PE asset stripping - Albertsons and Kroger edition

The announcement that grocery chain Kroger would be buying Albertsons for $24 bn has raised a controversy. For one, the combined entity would be the second largest supermarket chain in US after Walmart, with 15% of national grocery business, employ over 700,000 people, have over $200 bn in revenue, and more than 40,000 private label brands. 

This is the major source of controversy,

The merger announcement said that, as part of the transaction, Albertsons Companies will pay a special cash dividend of up to $4 billion to its shareholders of record on October 24, 2022... This dividend equals about a third of the supermarket chain’s market value. Almost 70 percent of this special dividend will go to its former private equity owners plus Apollo Global Management, which purchased a minority share in Albertsons last year. This will be a spectacular windfall for Cerberus, enriching the PE firm and its owners while putting the future of the Albertsons chain and its workers at risk... While the general view of financial markets is that the FTC and the courts will not let the merger go through, the payment of this special dividend sets Albertsons up for failure and provides Kroger with a powerful “failing firm” defense of its merger proposal. Kroger can argue that Albertsons will face bankruptcy if the merger is not approved.
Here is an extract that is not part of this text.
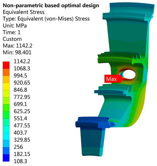 Equivalent stress distribution of the non-parametric-based optimal design.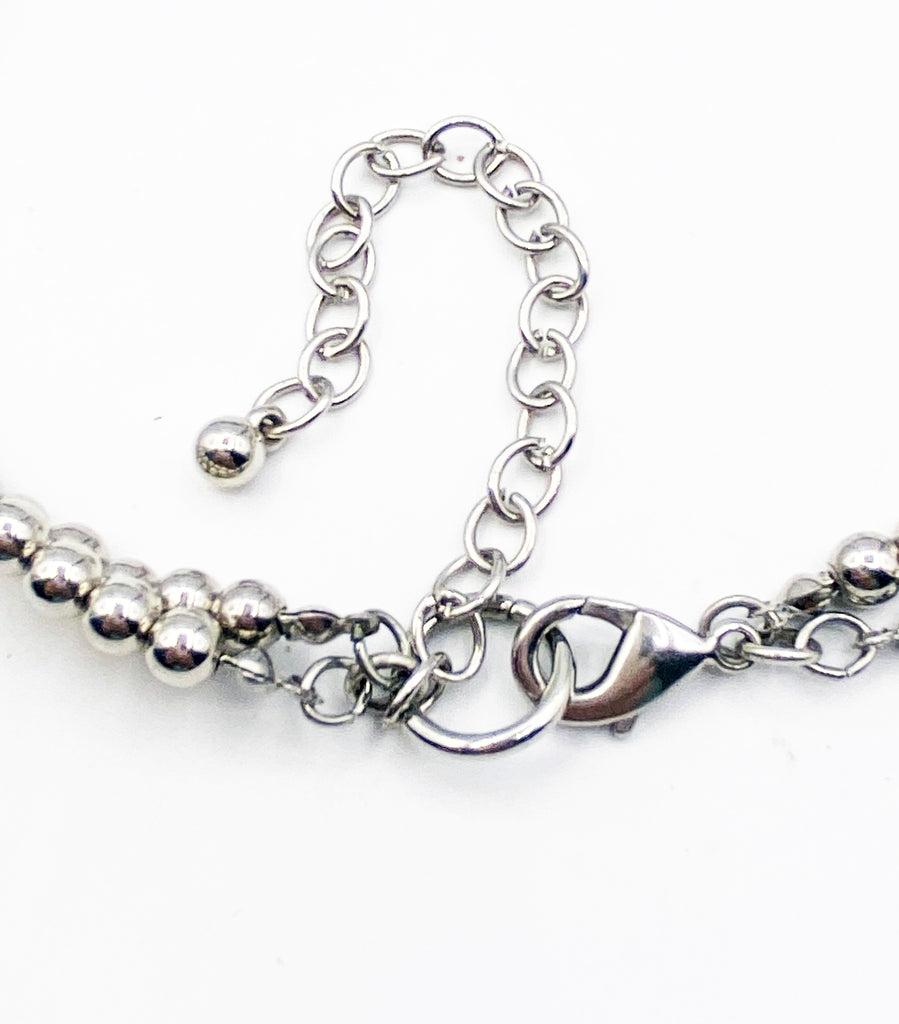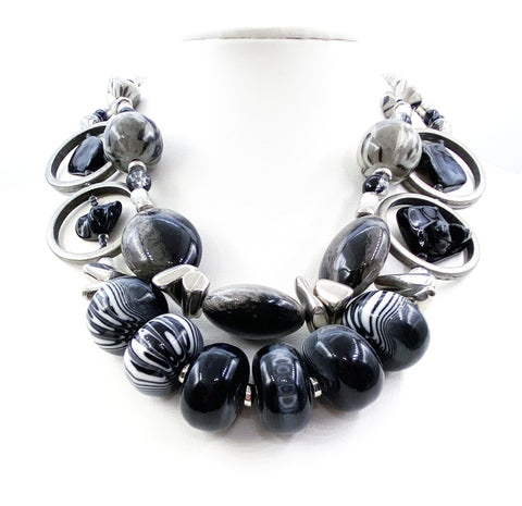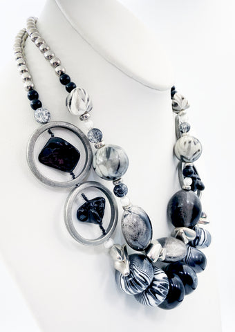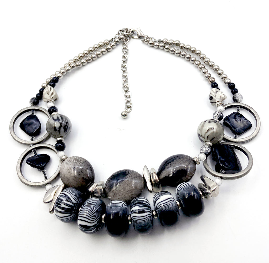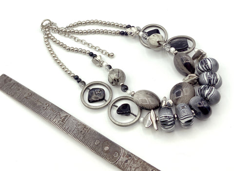 This chunky bead necklace has a sweet mix of interesting plastic beads, including four large circle beads with suspended centers, swirled grey and white round and triangular beads, silver-tone flat triangular beads with grey and black zebra stripe fat disc beads in the center. Silver-tone small round beads are at the ends around the neck.

Matt Stoller points to the problems with the $4 bn special dividend, 

The problem is that in this case, that cash is pretty much all the liquidity that Albertsons has. According to the firm’s latest 10Q, Albertsons has $3.213 billion of cash and $565 million of receivables, which can be quickly sold to raise cash. There’s your special dividend right there.

He also writes that the merger is the latest in a trend over the last thirty years whereby supermarket chains have consolidated the nearly $1 trillion grocery industry, which provides the source for what Americans eat. The consolidation in the industry has been steep.

There has been tremendous concentration on both a national and local level already. As Errol Schweizer at Forbes noted in an excellent piece published immediately after the deal came out, “There are already 30% fewer grocery stores than a few decades ago and most major metropolitan areas (with the exception of New York City) are heavily concentrated among just a handful of grocery chains.” That means large chains not only secure better prices for goods than their smaller counterparts, but can also increase prices faster than costs, contributing to inflation. Suppliers, consumers, and workers will all feel the pressure from Kroger/Albertsons, and since suppliers buy from farmers, farmers will feel it too, at least indirectly... 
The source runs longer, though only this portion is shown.